I believe the current issue of Consumer Reports has an article comparing grills.


----------



## JETaylor (Jan 25, 2011)

Leslie said:


> Okay, I have the gas problem sorted out. Now the question is: a colored one or stainless steel. Thoughts?
> 
> L


Ours is the green.  Both are styling but we went with the green because it was the floor model and put together nicely. They even brought it to the house and helped my husband get it on the deck. We got it at our local hardware store - so the personal touch was very nice and something you won't get with places like Home Depot.


----------



## corkyb (Apr 25, 2009)

I will probably buy the green one myself if I end up taking the plunge for a new Weber.


----------



## Leslie (Apr 7, 2008)

I decided to go with the stainless steel Genesis.



I cashed in all my points and gift certificates and saved $430 which made this feel like a bargain. LOL.

The air freight man delivered it just a little while ago. Looks like my husband has his project for the weekend!










L


----------



## JETaylor (Jan 25, 2011)

Shiny in a box.   

And that's a good amount of savings.  

Enjoy it!


----------



## Leslie (Apr 7, 2008)

Yes, I am very pleased with saving so much...I read somewhere that Weber grills never go on sale so I was glad to be able to create my own sale...LOL.

L


----------



## geoffthomas (Feb 27, 2009)

At the end of the year, Home Depot often has some on sale.
My Genesis Silver is a wonderful unit - the key thing is to have stainless "burners".
And I prefer the porcelainized cast iron grids.

Have replaced a few parts over the years to keep a good thing going.


----------



## Leslie (Apr 7, 2008)

The one we got does have the stainless burners and the porcelain grids.

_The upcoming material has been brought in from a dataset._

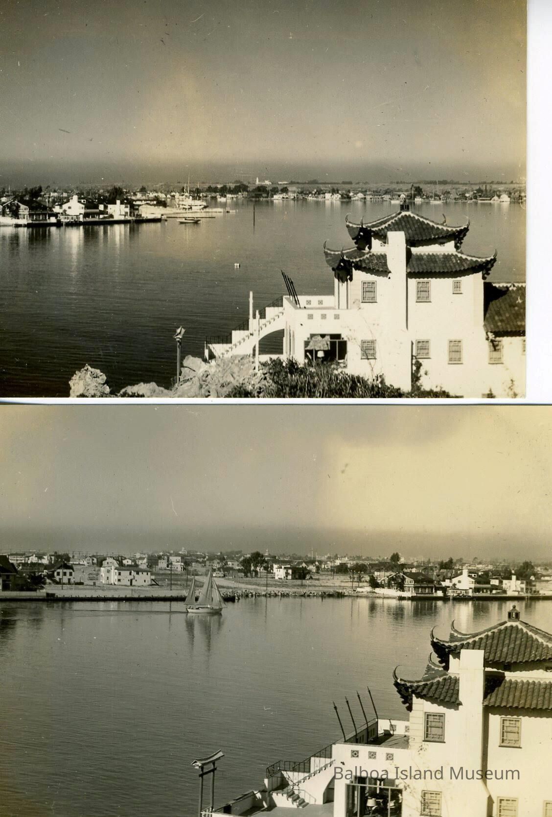 Photo of the China House in the 1930's. Balboa Island and Newport Harbor High School are in the background of the top photo.Collection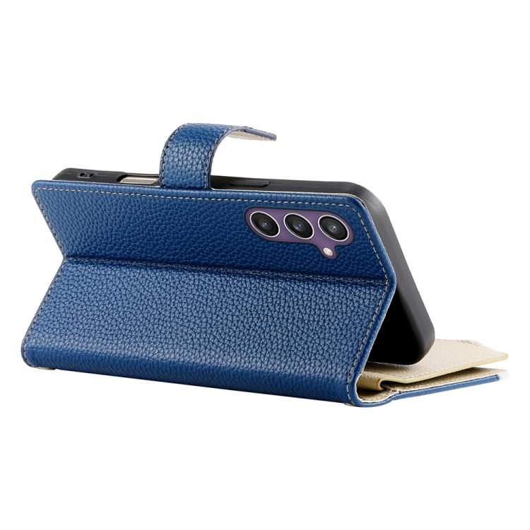 For Samsung Galaxy S23 FE 5G Stitching Multi-card Zipper Wallet Leather Phone Case with Short Strap(Dark Blue)

I am looking forward to getting this put together today!

L


----------



## corkyb (Apr 25, 2009)

hmmm, pretty.  Wish I had that amount of points and gift certificates.  I have never replaced a thing.  How can I figure out if I should replace the grill or just parts.  I know I need a tank, grids and the flavorizers.  But I don't know if the rest of the grill is sound or not.  The grids and flavorizers have fallen practically apart on me.  They just wore right through I guess.  Porcelain doesn't rust so it's not rust.  I have not done any maintenance on th grill except to occasionally wash it down.  I have had it since the early or mid 1990's.  So I'm thinking I would probably have to put several hundred into grids, flavorizors, tank.  Vs. the larger Genesis. I don't need a side burner, but it might be nice.  Just trying to figure if I would be throwing away money to fix it and save several hundred vs. do the outlay.  I am at a point where I soon will not be able to use it.  All three burners light and work fine.  The edges of the grill don't heat as well as the center.  But he thermometer still works and the thing heats up all the way and cools down to 350 at medium indirect.  

Decisions, decisions, especially since I am a bit broke, want an ipad 3, an iphone in the Fall, and really need a new Apple laptop (which I may have put money into that is now not worth the return).

Advice appreciated.  I guess it's ok to hijack Leslies thread as it's on the same subject and hers is delivered.  Tel me if not.
Leslie, I hope the assembly goes smoothly and enjoy the grill.  I may have to ask if you will have your hubby stop by here and assemble for me.  Do you still go to Utica to visit your daughter or did she graduate?
Paula


----------



## Leslie (Apr 7, 2008)

According to Amazon, you could get Flavorizer bars, new stainless steel burners, and a new grate for $119...that's certainly a lot less than a new grill.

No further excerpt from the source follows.